郵便ポストに新たな価値を 郵政政策部会
総務省情報通信審議会郵政政策部会(米山高生部会長)は5月18日、書留以外の全ての郵便物のほか、ゆうパケットポストも投函できる郵便ポストについて、省令に定められる設置基準等の議論を開始した。郵政行政部郵便課の景山忠史課長は「利用者のアクセスを十分に確保する観点を重視した上で、郵便物取集だけでなく地域貢献となる用途があれば、活用含めて住民の方から見てどのくらいの本数があるのが望ましいか」と問題を提起した。
米山部会長「時代に合う集配システムから考え直す発想も」
7回目を迎えた「デジタル社会における郵便局の地域貢献の在り方」の審議では、公社発足時の2002(平成14)年度末に約18万6000本だったポストが21年度末に約17万7000本と約20年間大きな変化はなく、設置基準は地域ごとでなく全国の本数が定められている現状が説明された。景山課長は「ポストには通信回線が整備されていないため、何かに活用する際に、どういうことを確保するのかが課題になると思う」と述べた。
日本郵便郵便・物流業務統括部の古閑圭一部長から「郵便物の需要がないエリアは配達とセットでポスト取集を行っているが、都市部ではポスト取集専門社員を配置。個別の社員はポスト状況を把握しているが、全国の一元的なデータとしては管理していない」などと語った。
東條吉純部会長代理(立教大学教授)は「デジタル時代にポストにセンサーを付ければ、何も入っていない場合は取集をスキップすることもできるのではないか」と指摘。米山部会長は「中長期的な観点から発想の転換が必要。明治以来のシステムを未来永劫受け継ぐのではなく、例えば、ポストの所在がモバイルなどで分かれば利便性は大きく落ちない。今の時代に合うような集配システムから考え直す発想も大事だと思う」と提案した。
地域の〝何でも相談室〟機能を郵便局に
同日の審議では、郵政行政部企画課の松田昇剛課長が昨年10月以降のヒアリング等の主な発言と郵便局に求められる地域貢献のアンケート結果を報告。

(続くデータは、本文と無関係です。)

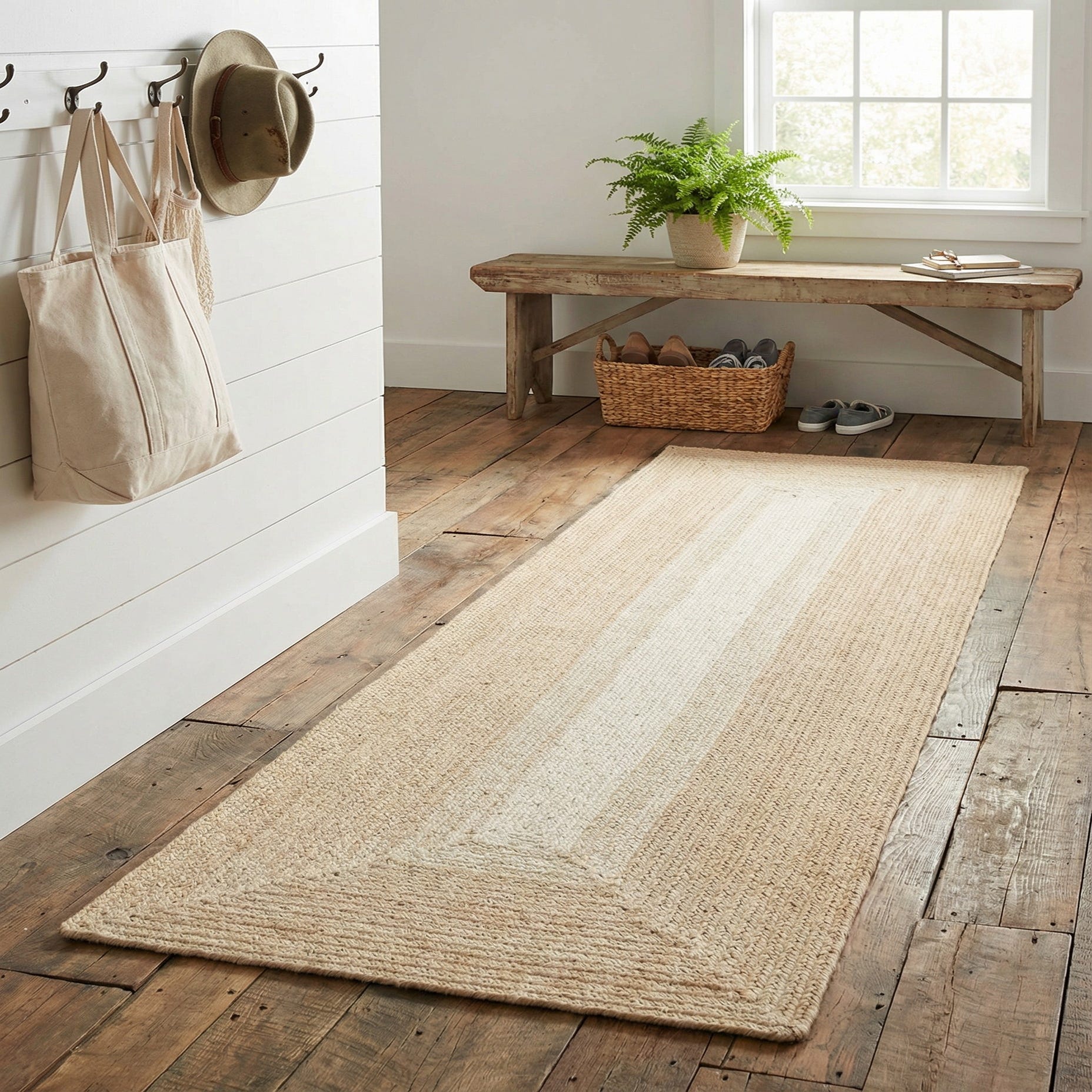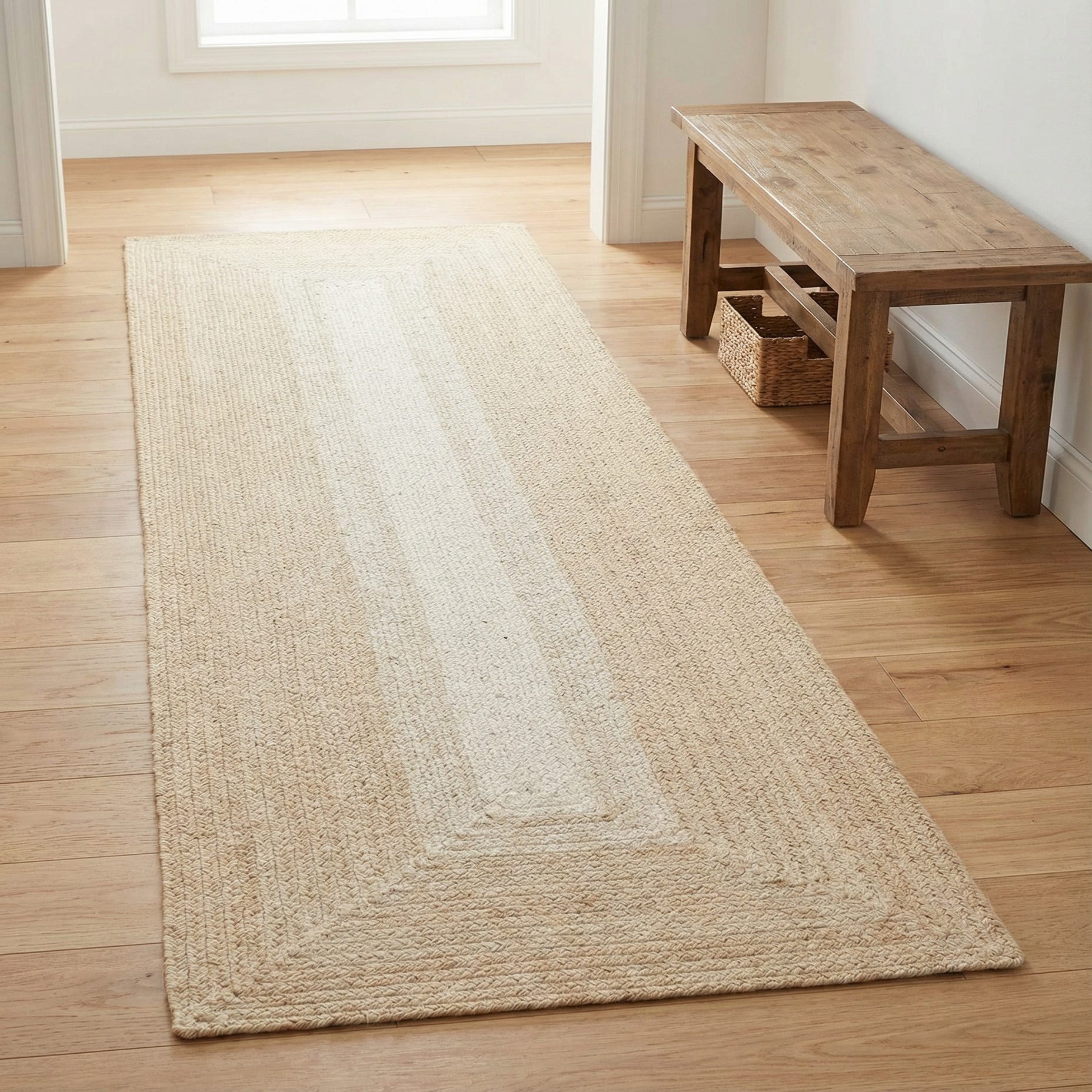 A 6 ft runner rug with a braided texture in varying shades of ivory and cream, ideal for a hallway.
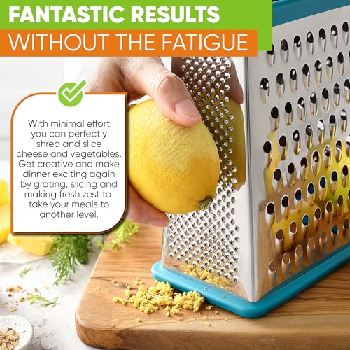 • Spring Chef Handheld Stainless Steel XL Parmesan Cheese Grater with Handle - 4 Sided Metal Box Grater for Kitchen - Dishwasher Safe Potato Shredder for Hash Browns, Potato, Carrot, Vegetables - Teal

石川県加賀市の「郵便局のコンビニ化がこれからは期待される」、米山部会長の「郵便局に対して自治体の期待が非常に大きい。日本郵便が地域課題や要望に対して感度が良く、具体的に対応できる高い能力を持つためだ」、桑津浩太郎委員(野村総研研究理事)の「国などの公的機関や民間企業からのサポートによって、サステナブルな形でやっていくことが大事」などの意見を紹介した。
米山部会長は「郵便局で解決できるものは解決し、そうでないものは解決できる人や組織を紹介し、地域の悩みを受け止める〝何でも相談室〟機能が郵便局に必要だ」と総括した。